Bethel Ashram, Thiruvalla
- Founded: 1922
- Founder: Miss Edith Neve & Miss Rachel Joseph
- Founded at: Alappuzha
- Type: Community
- Headquarters: Warikad, Thiruvalla
- Location: India;
- Website: https://www.bethelashram.org

= Bethel Ashram, Thiruvalla =

Bethel Ashram is an institution which exclusively works for needs among women. The ashram is situated at Warikkad, Thiruvalla in Kerala state of India.

==History==
In 1922, Miss Edith Neve, a C.M.S. missionary, felt the need to serve the women of the diocese in a wider sphere than in the training school (B.I. Pallom) where she was working. Miss Rachel Joseph, a high school teacher, joined her in the new venture.
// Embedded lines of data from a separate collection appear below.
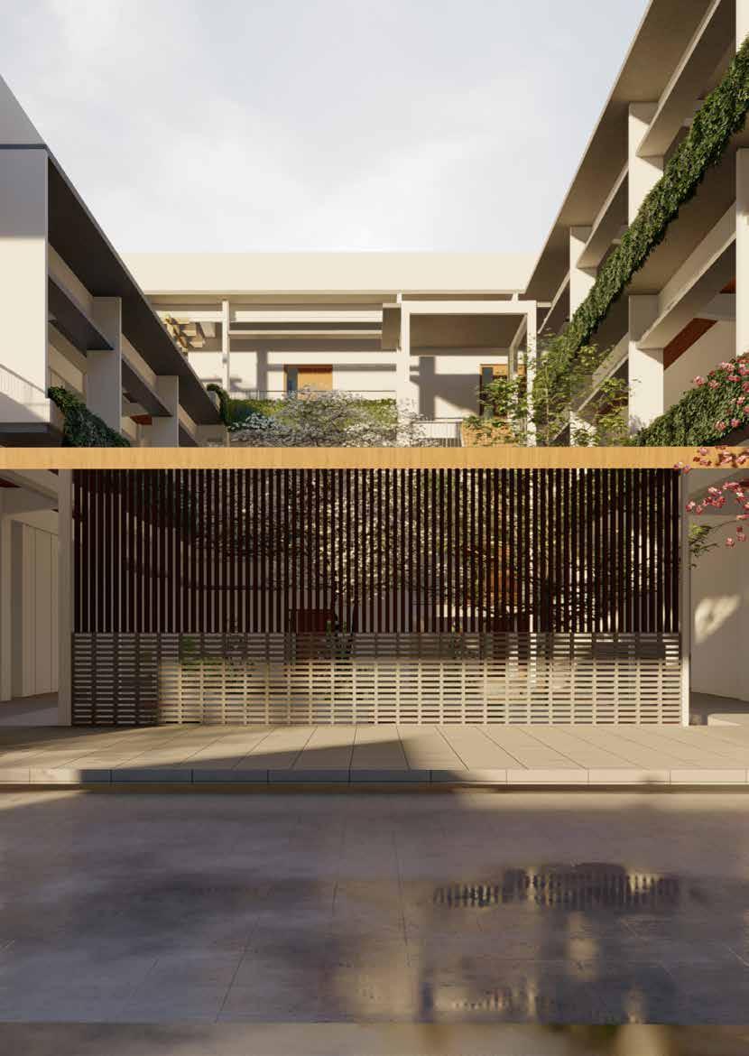 In total there are 2 main management zone, the entrance is on the east side, while the entrance to the senior living zone is on the west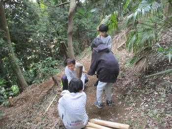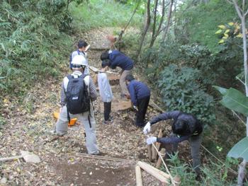 当日は、ボランティアとして、児童、職員、たぬきクラブのみなさん、森林インストラクターのみなさんとで力を合わせて、森の中の歩道の整備や落ち葉の清掃などを行いました。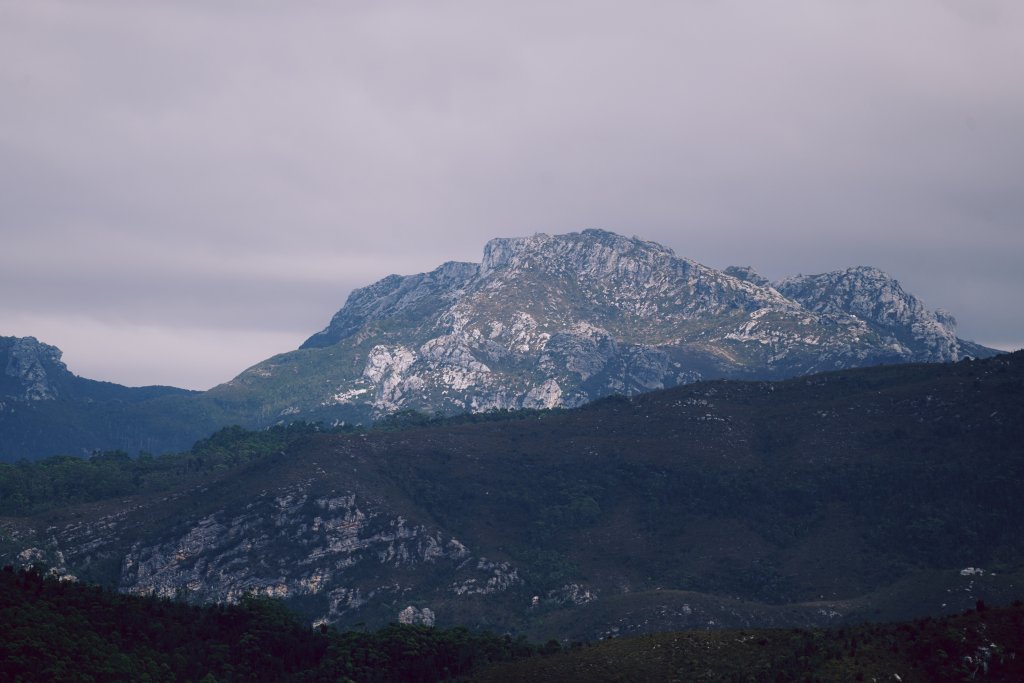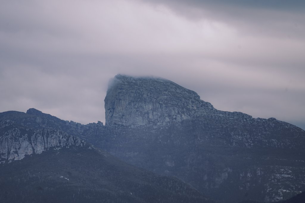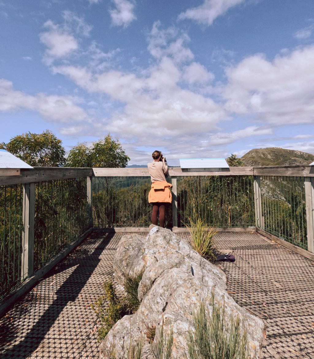 The lookout sits on a rocky outcrop with sweeping views across the peaks of Western Tasmania. On a clear day, Frenchmans Cap is the most recognisable shape, rising above the surrounding ranges with its distinctive silhouette.
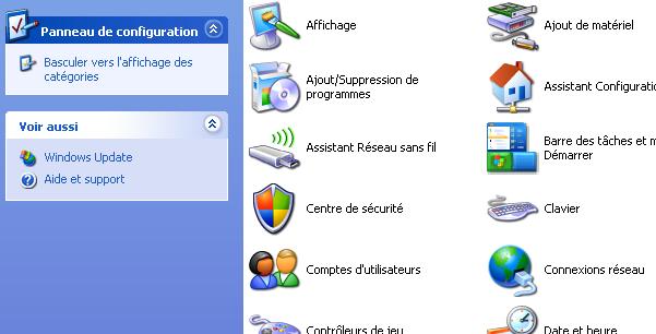 Cliquer sur "démarrer" (en bas à gauche) --> Panneau de configuration. Vous obtenez :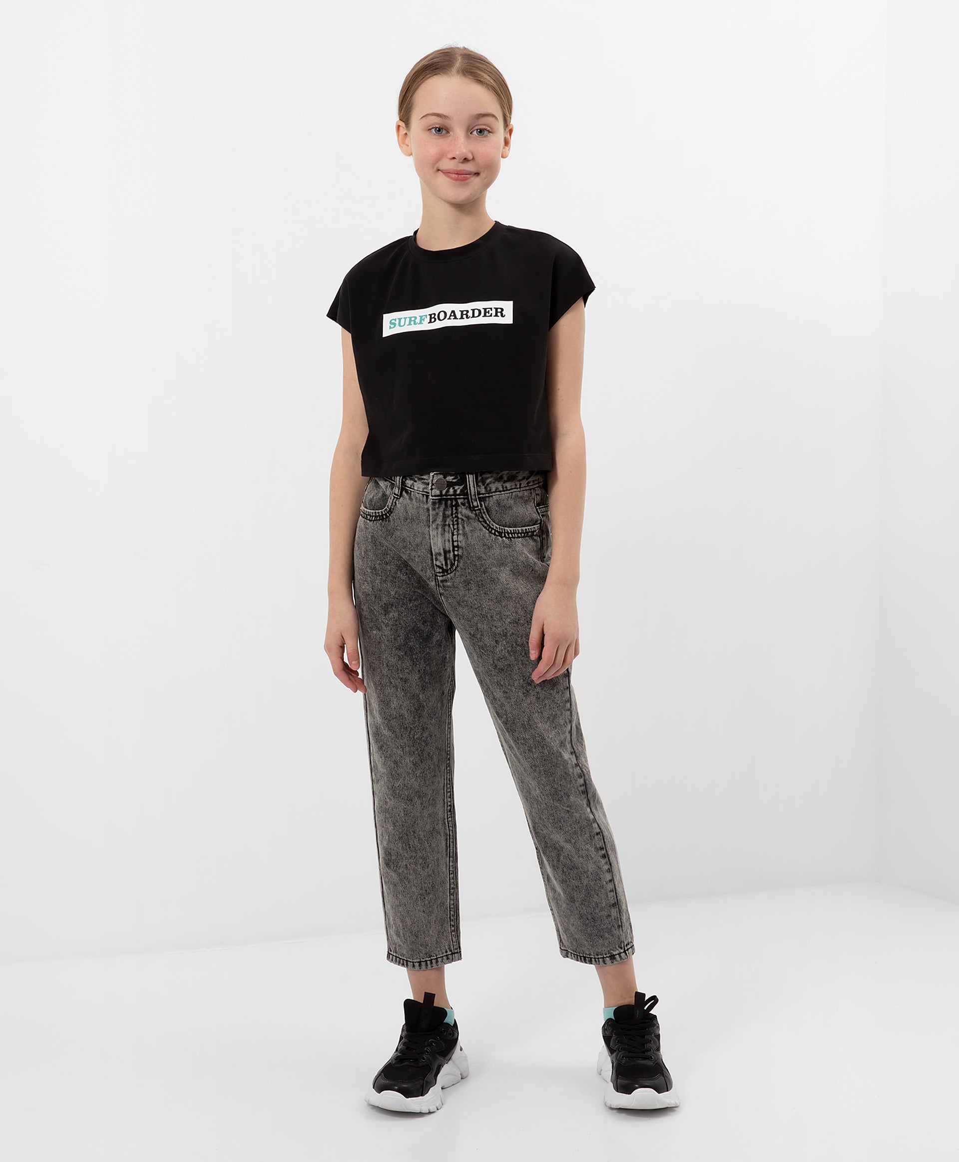 Сиви дънки тип „Mom-fit“ с висока талия – отлично решение за пролетта. Изключително меки, с красив мраморен ефект на „измиване“, дънките изглеждат сдържано и лаконично. Те са идеален партньор за ярък обемен суитшърт, ветровка или елек. Дизайнът е завършен с цветна кожена платка на колана.

They rented a house in Alappuzha and undertook various activities among the women there. The name 'Bethel' was adopted, and their work soon attracted women students from all parts of the Diocese.
Bethel moved to permanent quarters at Warikkad, Tiruvalla, in 1926.

==Location==
Bethel Ashram is located at Warikkad which is on the Thiruvalla–Mallapally road and has an area of 20 acres.

==Administration==
The ashram is managed by Madhya Kerala Diocese of Church of South India. The administration of the ashram is handled by sisters at Bethel Ashram. The current Bethel mother is Sister Shanta Joseph and Asst. Mother is Sister P. J Annnama.

==Activities==
The ashram runs an old age home which caters to elderly people and mentally ill patients. A nursery school which is named 'Shanti Nursery School', an orphanage and a playschool is also functioning at Bethel Ashram. Two boarding homes which is named as 'Shanti' and 'Love cottage' has the facility to study up to 7th standard. A chapel has been constructed at Bethel Ashram in 1935 and been consecrated the same year itself. A community center which is called 'Karunalayam' provides training to women in sewing and switching.

==Bethel Ashram branches==
Bethel Ashram has various branches in Kerala at Trichur, Melukavu, Fern Hill bethel at Trivandrum and Kallada, which is near Kollam. Outside Kerala the branches are at Parkal, Bhagirathapetta and Patpara.